No traditional bank account? Stimulus may be weeks away
NEW YORK — As the coronavirus crisis took hold, Akeil Smith’s employer slashed her work as a home health aide to 25 hours a week. Her $15-anhour salary no longer provided enough to pay her $700 monthly rent, and she had to visit food pantries.
While millions of U.S. workers have already received a quick relief payment from the federal Treasury through direct deposit, Smith is among millions of others without traditional bank accounts who must wait weeks for paper checks. When the checks finally arrive, this disproportionately black and Latino population often has little choice but to use expensive check-cashing services to get the money.
“I live check to check, and right now I need more groceries,” Smith, 35, said as she stood inside Payomatic, a small check-cashing store in a predominantly black Brooklyn neighborhood.
In the six weeks since the pandemic shut down much of the U.S. economy, over 30 million American workers have filed for unemployment insurance. Congress passed a $2.2 trillion economic rescue package.
The government in April began sending $1,200 for each individual, $2,400 for each married couple and $500 more for each dependent child to poor and middle-class families across the United States. Wealthier families get either a reduced payout or nothing depending on their income.

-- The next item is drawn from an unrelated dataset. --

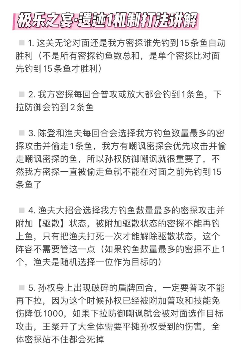 如鸢游戏以策略卡牌和沉浸式剧情为核心玩法,共有傅融、刘辩、袁基、左慈、孙策五位男主,玩家只需完成指定任务和剧情对话就能快速通关。每一位男主按顺序会开启地宫玩法,本次地宫是刘辩极乐之宴地宫,那么极乐之宴·遗迹1如何通关呢?小编为你准备了一份攻略,一起来看看吧~

To help smooth the delivery of the payments, the government launched an online portal for people to provide their banking information for direct deposit. But that system offered nothing to people without savings or checking accounts. Approximately 8.4 million U.S. households were considered “unbanked” in 2017, meaning that no one in the household had an account, according to the Federal Deposit Insurance Corp. An additional 24.2 million households were “underbanked,” meaning they might have a bank account but members of the household also used an alternative financial service for money orders, check cashing, international remittances, payday loans and pawnshop loans, often at high costs.
Some of those services have been criticized for being predatory and marketing to black and Hispanic communities, which are disproportionately unbanked. Roughly 17% of black households and 14% of Latino households were without a bank account in 2017, compared with just 3% of white households and 2.5% of Asian American households, the FDIC said.
Banking is a social justice issue with the potential to widen America’s racial wealth gap, said Cy Richardson, vice president of the National Urban League.
“Black America’s economic destiny exists on a razor’s edge right now,” Richardson said.
Advocates say the federal government should use the pandemic payments as an opportunity to bring more people into the banking system via Bank On accounts, which are FDIC insured, cost $5 or less a month and do not allow overdrafts or charge insufficient-fund fees. The accounts can be used for direct deposit, purchases and paying bills.
Otherwise, long lines at check-cashing stores could stretch into the fall and pose dangers to public health.
“There’s now a health component to being unbanked — people are going to have to take literal risks with their health, in order to receive and then spend these dollars,” said Jonathan Mintz, CEO of the Cities for Financial Empowerment Fund, which aims to get underserved Americans set up with affordable bank accounts.
The opportunity to attract customers with relief payments is not lost on check cashing and payday loan businesses, an $11.2 billion network of storefront locations in cities big and small.
In Brooklyn, B&H Check Cashing, in the predominantly Latino neighborhood of Bushwick, posts its rates for cashing checks. A $1,200 check, for example, costs $26.76 to cash.